Trump, who hopes to use illegal immigration as a political cudgel against Biden, has not accepted a truce.

Biden has repeatedly cited Republican cowardice to stand up to Trump as the key reason why a deal failed. He’ll have a chance on Thursday to call out congressional Republicans directly.

He’ll also have the opportunity to elucidate his efforts to protect abortion rights in the United States, and the threat posed to those rights if Trump were to be elected again. The president and his administration have spent much of the time since the 2022 overturning of Roe v. Wade by the Supreme Court blaming Trump for the decision.

Defending America’s role abroad

Speaking directly to the Republican-controlled House that dismantled hopes of the border deal that contained funding for Ukraine and Israel, Biden will have the chance to lay out in vivid detail the price of Republican waffling on additional support to the country in its third year of war against Russia.

The lack of further US-funded ammunition has had serious consequences for Ukrainian soldiers on the battlefield, and Biden has frequently said that history will judge harshly the lack of resolve shown in continuing to fund the country’s defense.

The speech comes weeks after Ukraine announced a withdrawal from the strategic hub of Avdiivka after fighting dealt heavy casualties to the Ukrainians, and as other world leaders doubt the future of American leadership abroad in a hypothetical second Trump term.

Meanwhile, Trump - who has always been wary of leveling any sort of criticism at Russian President Vladimir Putin - has sharpened his rhetoric around withdrawing the United States from international partnerships, saying he would encourage Russia to attack US allies who don’t meet NATO spending guidelines and offering no criticism of Putin for the death of his leading critic, Alexey Navalny.

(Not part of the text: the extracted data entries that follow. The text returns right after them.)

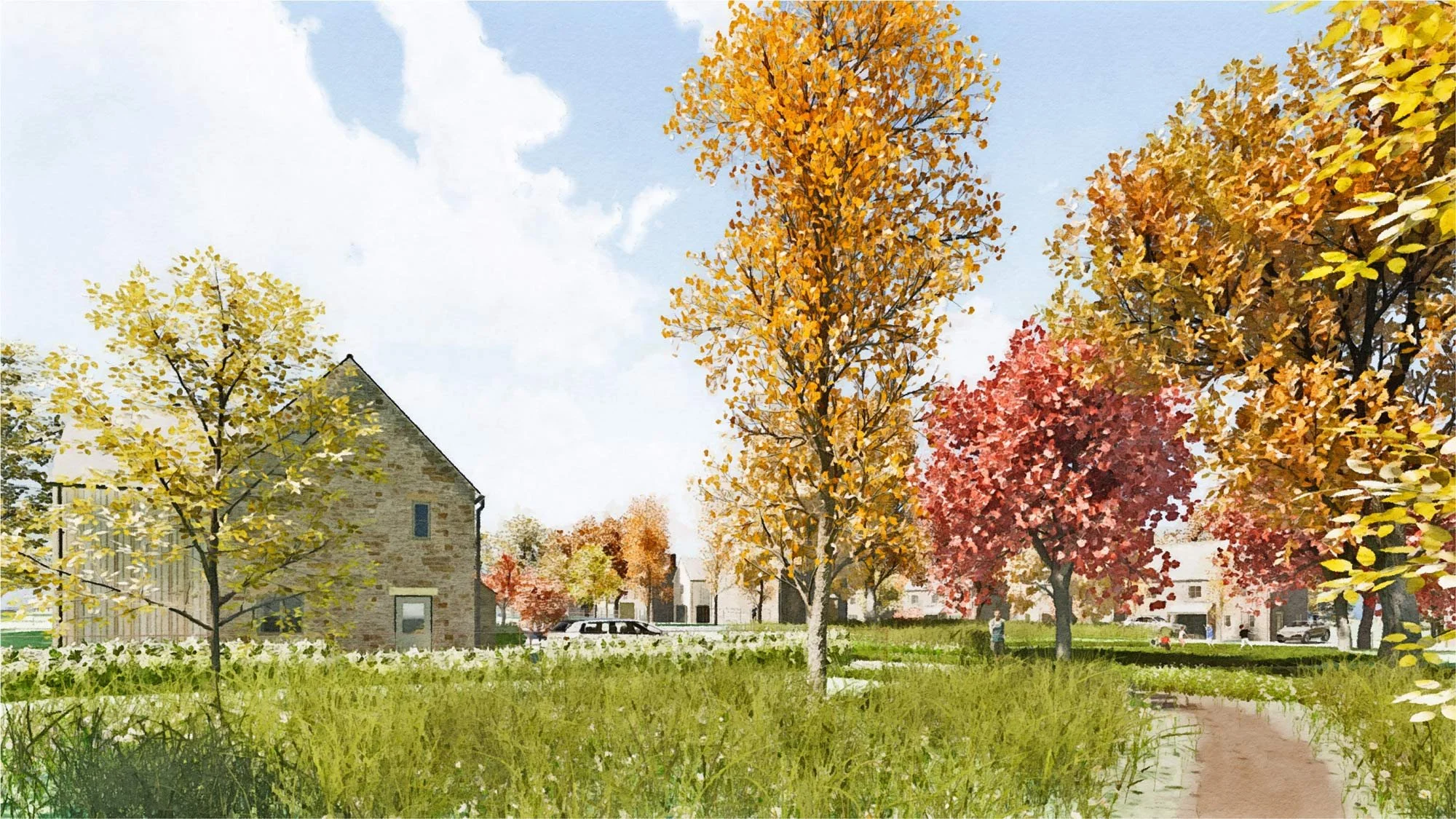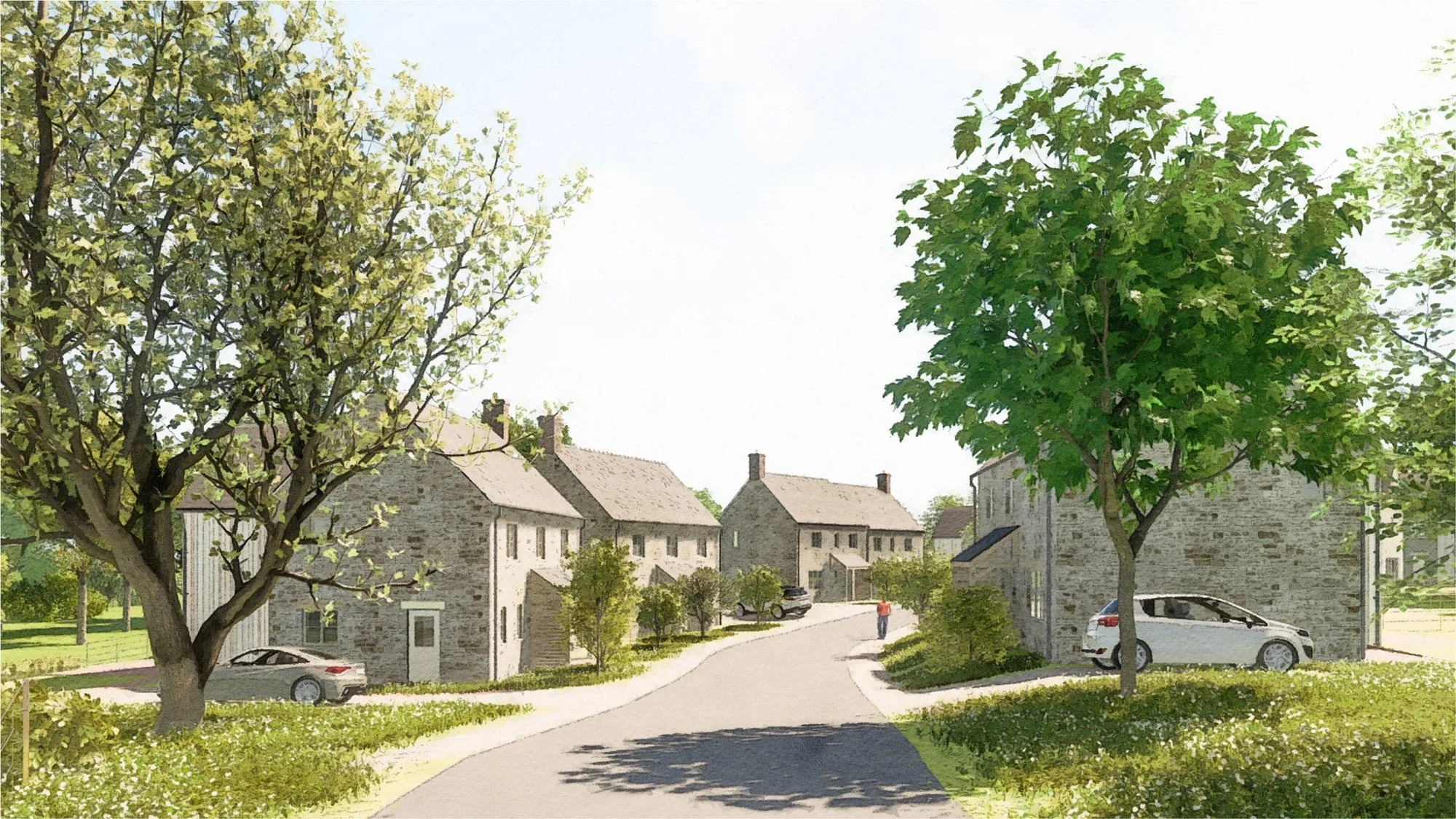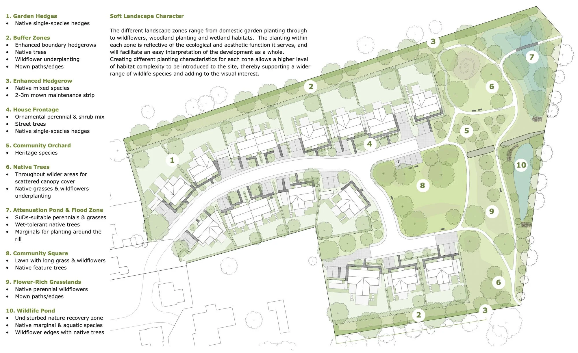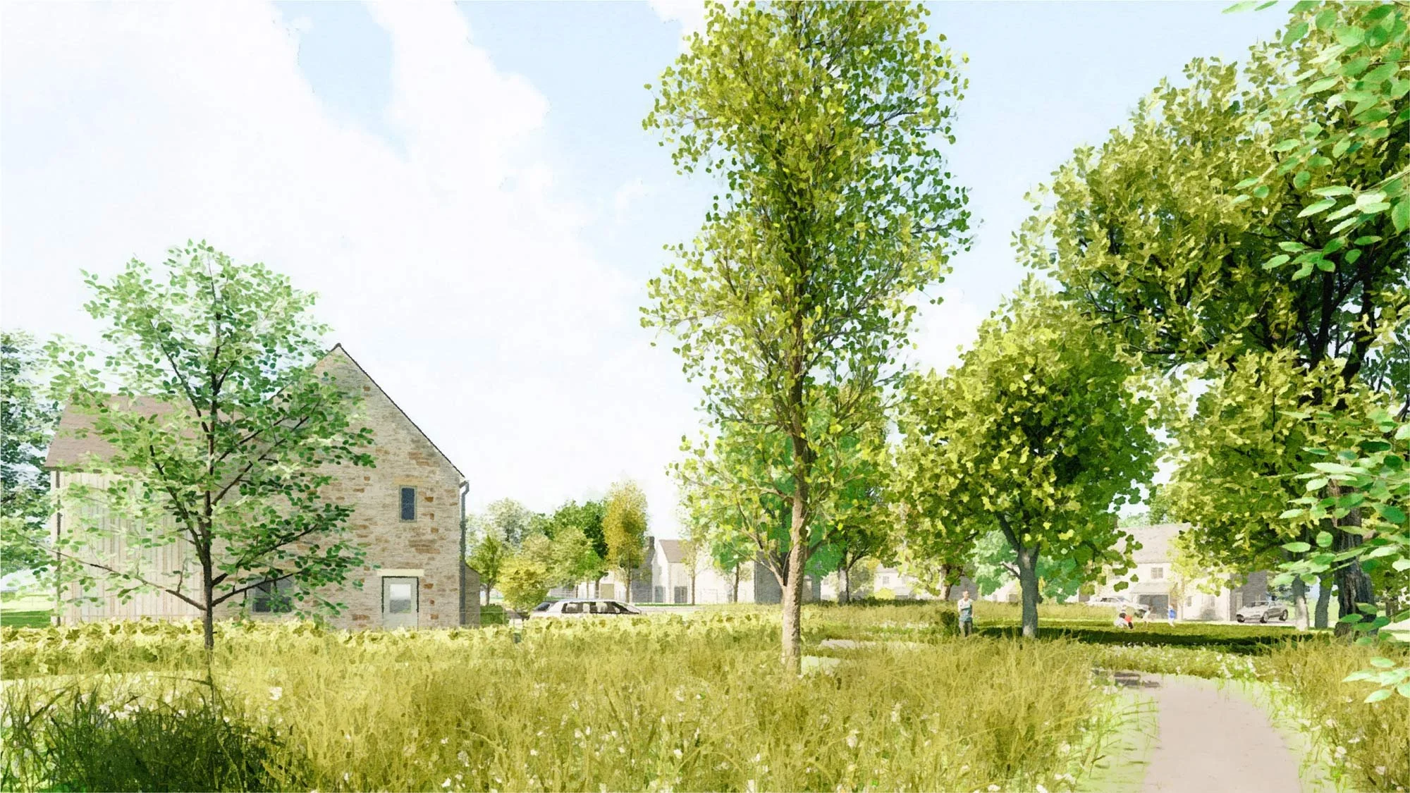 This development of 16 houses on the edge of a Cotswolds village includes a communal green, nature play areas, a wildlife pond, and carefully designed drainage systems to reduce the burden on local sewage networks. Due to the landscape-led approach of the design team and the extensive biodiversity enhancements we are able to propose, this scheme exceeds the BNG requirement of 10% by a healthy margin.
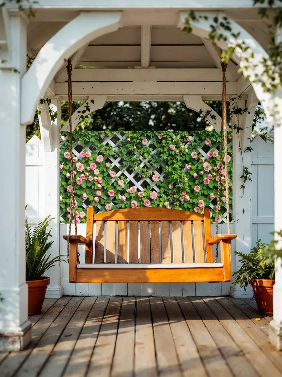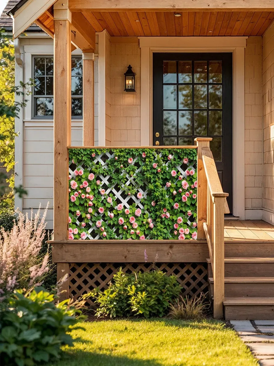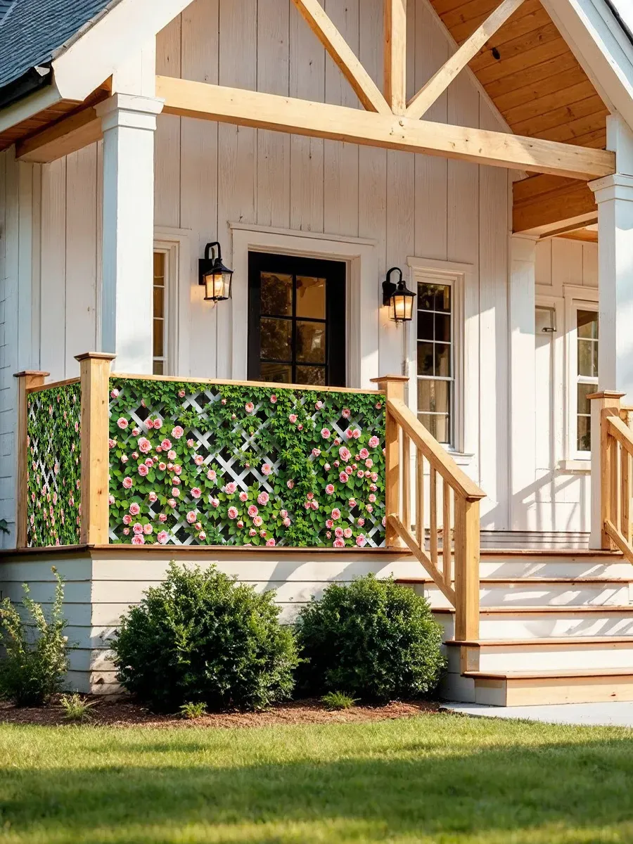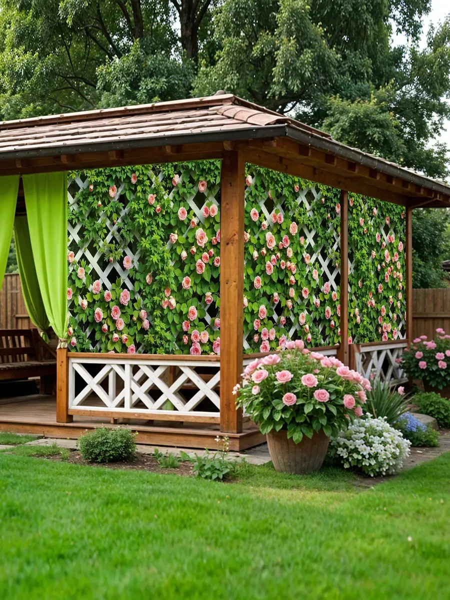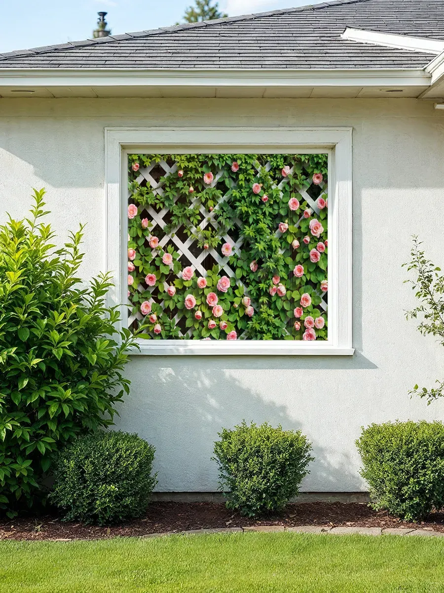 Фотосетка с мелкими розами может использоваться не только для декорирования заборов, но и для оформления:
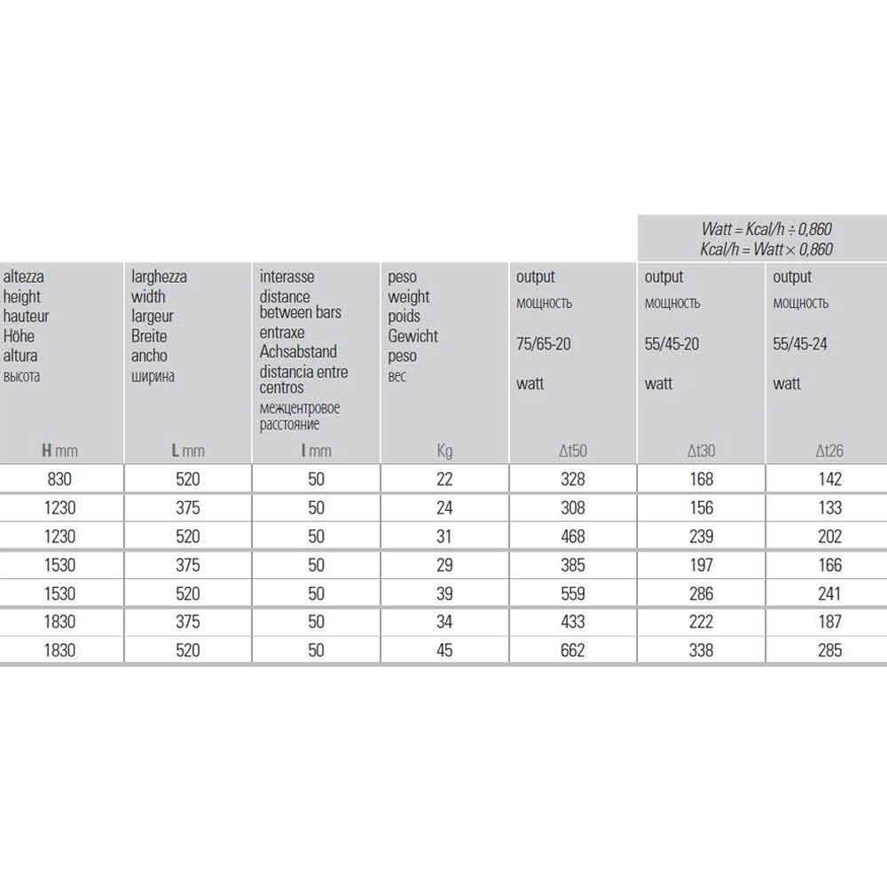- H 1830 x C 520 x Inter. 50 x P 48 mm x Saída w (Δt50 °) 662; Rendimento w (Δt30 °) 338; Rendimento w (Δt26 °) 285
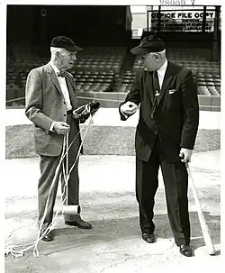 Briggs' love for baseball triggered another piece of research. During World War II, the government mandated that the rubber in baseballs be replaced by cork. Complaints about the new balls led Briggs to test them, and in 1945, he demonstrated that the new baseballs were inferior. This was done by addressing the issue of whether or not a pitched baseball could curve out of the plane of the pitch. With the help of two pitchers from the Washington Senators baseball club and his 1917 wind tunnel, he studied the effect of spin and speed on the trajectory and established the relationship between the amount of spin and the curvature of the ball (see curveball). To measure the spin, he attached a lightweight tape to the ball and counted the twists in the tape. This popular newspaper topic is probably the most widely known of his research results.
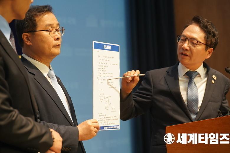 '박선원' 더불어민주당 의원이 6일 서울 여의도 국회 소통관에서 김성태 쌍방울그룹 전 회장 보석 석방과 김건희 여사 관련 의혹에 대해 더불어민주당 정치검찰 조작기소대응TF 긴급 기자회견을 하고 있다.
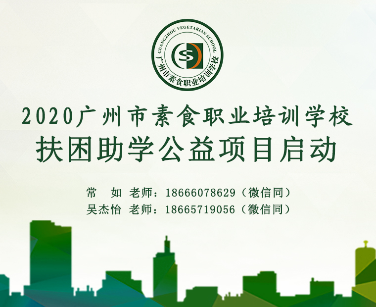 为更好更快更多地培养素食专业人才,搭建社会共同发心平台,广州素食学校特推出“扶困助学公益项目”,联动社会公益组织、募集公益资金,扶助全国52个贫困地区失学青少年以及其他社会有志于素食事业的贫困学子完成专业培训学习,并统一保障安排就业,或进行扶困支持创业。特邀社会各界共同参与。

Perhaps in an effort to drive Biden’s point home, the White House announced that Navalny’s widow, Yulia Navalnaya, and Ukrainian first lady Olena Zelenska were both invited by the White House to watch Biden’s address. Neither were able to attend.

Biden will also have the opportunity to defend his stance on Israel’s continued war in Gaza, as his continued, albeit increasingly tepid, support for the war threatens to turn a key progressive faction against him.

Warning about democracy and threats at home

Biden on Tuesday posted a picture on social media of himself reading the first page of his speech’s draft during preparations at Camp David.

While that page contained the greetings customarily given by the president to the House speaker, members of Congress, the vice president and the American people, a close look reveals a name Biden hoped to invoke in his address, at least in its initial drafts.

Visible semi-transparently through the first page is President Franklin D. Roosevelt’s name and the beginning of his 1941 speech to Congress, in which the nation’s 32nd president famously proposed four fundamental freedoms - freedom of speech, freedom of worship, freedom from want and freedom from fear - and extolled the virtues of democracy across the world.

Opening his address, Roosevelt told members of the 77th Congress that he was speaking to them “at a moment unprecedented in the history of the Union.”

“I use the word ‘unprecedented,’ because at no previous time has American security been as seriously threatened from without as it is today,” Roosevelt said.

Biden has made his own warnings - increasingly dire in recent months - about a threat to the US’ security. But that threat, the president has warned, comes from within.

Roosevelt’s speech was given on January 6, 1941 - 80 years to the day before a mob incited by Trump stormed the building where Biden will address the country, in a violent attempt to disrupt the democratic process that put him in office.

CNN’s Elisabeth Buchwald and Tami Luhby contributed to this report.